The PR branch HEAD was 25e674e at the time of this review club meeting.
Notes
The Bitcoin network uses addr messages to communicate addresses (the
locations of nodes). To read more about the P2P message, you can see these
docs.
Sometimes, we send our own address to our peers so it can be
propagated to new nodes on the network. It can be hard to get new peers if
nobody knows about you :)
Keep in mind that connections are asymmetric. We distinguish between inbound
and outbound peers based on who initiated the connection. Think about what
that entails for address discovery. If Node A initiates a connection to Node
B, do they both necessarily know each others addresses?

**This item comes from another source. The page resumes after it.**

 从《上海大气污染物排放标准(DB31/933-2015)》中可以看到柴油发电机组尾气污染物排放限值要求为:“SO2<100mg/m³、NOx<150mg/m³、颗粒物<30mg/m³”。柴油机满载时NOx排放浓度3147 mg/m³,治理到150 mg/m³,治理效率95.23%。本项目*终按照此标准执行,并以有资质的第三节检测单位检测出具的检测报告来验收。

There are two code paths for checking & potentially relaying our address:
When we are
processing
the version message from a new connection,
When we are starting the
SendMessages
loop for a peer.
Prior to this PR, these two code paths had similar but slightly different
logic for advertising their addresses. This PR unifies the logical flows,
which also entails some slight behavioral changes. Reviewing this PR requires
understanding those differences to ensure they are safe. In some cases, we
might have multiple addresses we can use to refer to ourselves. We’ll dig
into why that is during review club!
Questions
Why do we advertise our own address? Is this necessary? When?

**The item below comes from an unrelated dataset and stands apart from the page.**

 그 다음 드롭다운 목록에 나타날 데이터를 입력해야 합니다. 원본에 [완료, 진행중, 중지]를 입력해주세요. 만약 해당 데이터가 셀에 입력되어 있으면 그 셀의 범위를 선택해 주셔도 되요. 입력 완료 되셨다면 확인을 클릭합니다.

How often do we advertise our address? Why is this on a Poisson timer? Does
this frequency make sense?
Why might we have multiple addresses for ourselves? Where do they come from?
What are the behavioral changes in this PR?
When you PushAddress, will this necessarily send an addr P2P message?
When you relay an addr out to a peer, what does the receiving peer do with
the message? What would you anticipate occurring on the network as a whole?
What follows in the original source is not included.